TÜRKİYE’DE KLASİK TEKNE KÜLTÜRÜ
Peki biz neyi hedeflemeliyiz? Türkiye olarak bu konuda neredeyiz? Ne seviyedeyiz? Neleri çok iyi yapıyoruz veya hangi konularda çok kötüyüz? Bunları analiz etmeli ve kültürü koruyup geliştirme konusunda ısrarcı olmalıyız. Aslında bugün bile bunun için bir araya gelmedik mi? Oturup bilgilerimizi paylaşıp, kültürü nereye taşıyacağımıza günün sonunda biz karar vereceğiz.
Ülkemizde bilinçli bir klasik tekne kültürü, ne yazık ki bundan birkaç yıl önce başladı. Cem Amiralimiz önderliğinde ve Adil Tuğcu idaresinde kurulan Klasik Tekne Platformu, artık Türkiye’de de klasik teknelere dair bir çalışma ve kayıt altına alma kültürünü doğurdu.
Kısa zamanda geldiğimiz nokta, inanın çok umut verici. Kültürü derinleştirdiğimizde ve bir sonraki nesile bu tekneleri sağlam bir şekilde aktarabildiğimizde, ülkemizde artık sökülemez bir klasik tekne kültürünün oluştuğunu söylemek mümkün olacaktır.
TÜRKİYE’DE AHŞAP TEKNEYE BAKIŞ AÇISI
Klasik Teknelerden bu kadar bahsetmişken, beni de oldukça yakından ilgilendiren ahşap tekne konusuna değinmezsem olmaz sanırım. Bu salonda oturduğunuza göre ya bir ahşap tekneniz vardır ya da bir ahşap tekne sahibi olmak istiyorsunuzdur büyük olasılıkla.
Bu durumu eşinizle, dostunuzla ya da bir başka tekne sahibi ile paylaştığınızda ise muhtemelen alacağınız ilk yanıt “Ahşap mı? Ahşabın bakımı zor! Yapamazsın! Maliyeti çok yüksek olur! Ahşapla uğraşılır mı?” olacaktır. Peki gerçekten de öyle mi? Ahşap tekne sahibi olmak bu kadar zor mu? Yoksa aslında bu Ahşap tekne kültürünün gelişmediğinin bir göstergesi mi?

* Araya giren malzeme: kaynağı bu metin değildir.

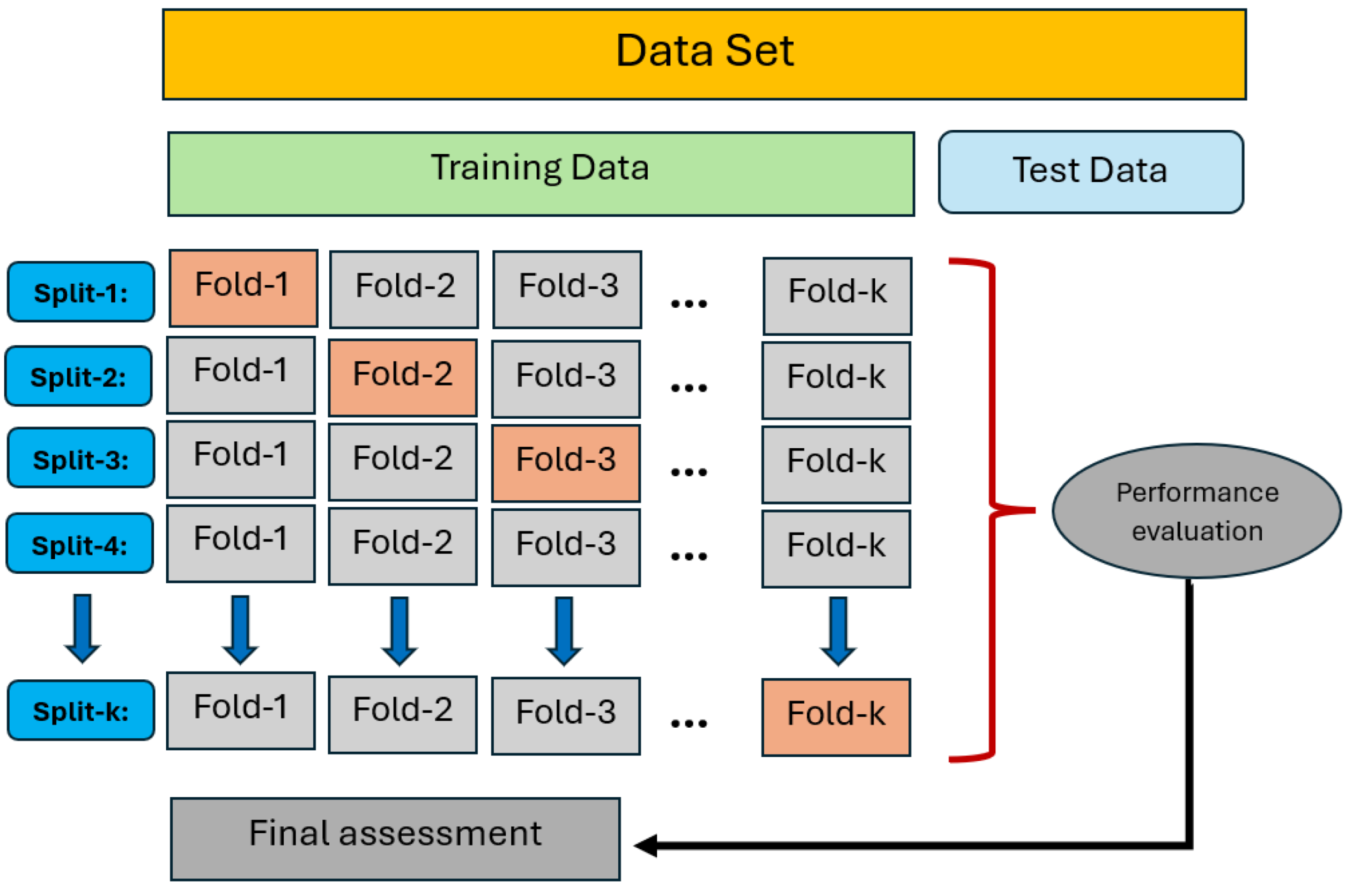 The analysis was conducted following a K = 10 repeated evaluation strategy, whereby the procedure was iteratively repeated. Within each repetition, the data were partitioned according to predefined training–testing ratios (e.g., 80:20). Importantly, model performance was not evaluated based on individual load–deflection points randomly sampled from the entire dataset, but rather on predictions made for beam data not used during the corresponding training phase. This evaluation strategy was applied separately for each beam specimen.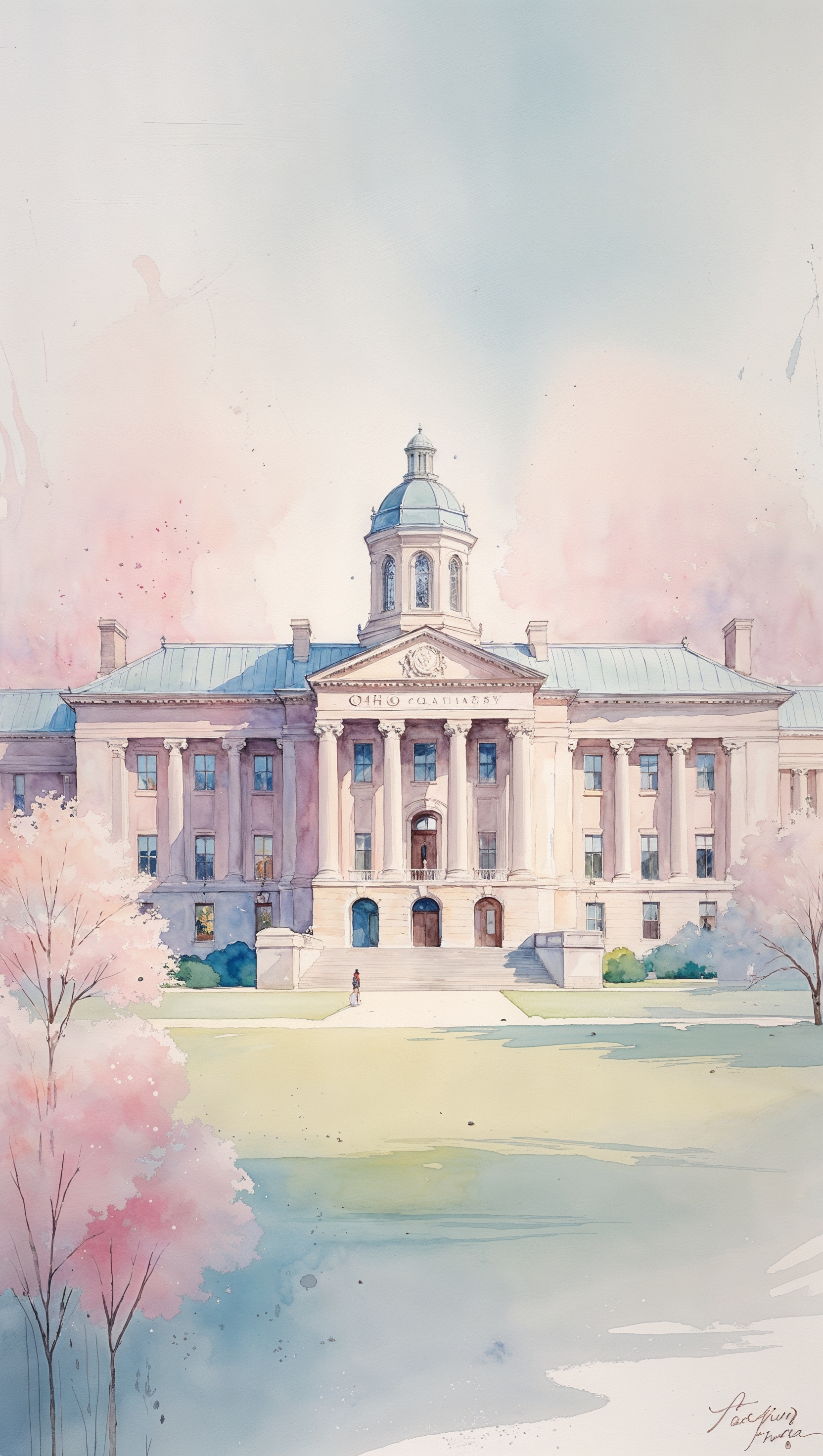 1664x2944 Ohio State University drawn in watercolor painting style, soft pastel colors, iPhone wallpaper

Ne yazık ki bu yaygın algı, insanların klasik teknelere yönelmesine ve ülkemize daha fazla klasik tekne kazandırılmasına da engel oluyor. Oysa bir ahşap teknenin yıl içerisindeki genel uğraşı, hemen hemen neredeyse bir fiber tekne ile aynıdır. Ahşap binlerce yıllık denizcilik kültürünü üstlenen bir yapı elemanı olduğu için bazı noktalarda biraz daha ilgi istediği doğrudur, fakat bu bence gerçek bir denizcinin, denizcilik kültürüne ödemesi gereken bir bedeldir.
Sorumluluk sahibi ve kültürü bilen bir amatör denizcinin klasik teknesi, eminim gittiği her marinanın en güzel teknesi konumundadır.
Ve Teşekkür Bölümü!
Deniz Kartalı’na bu köşeyi yazma şansını bana tanıyan Türkiye’nin alanında tek gazetecisi Gökhan Karakaş dostuma sizlerin huzurunda teşekkür etmek istiyorum.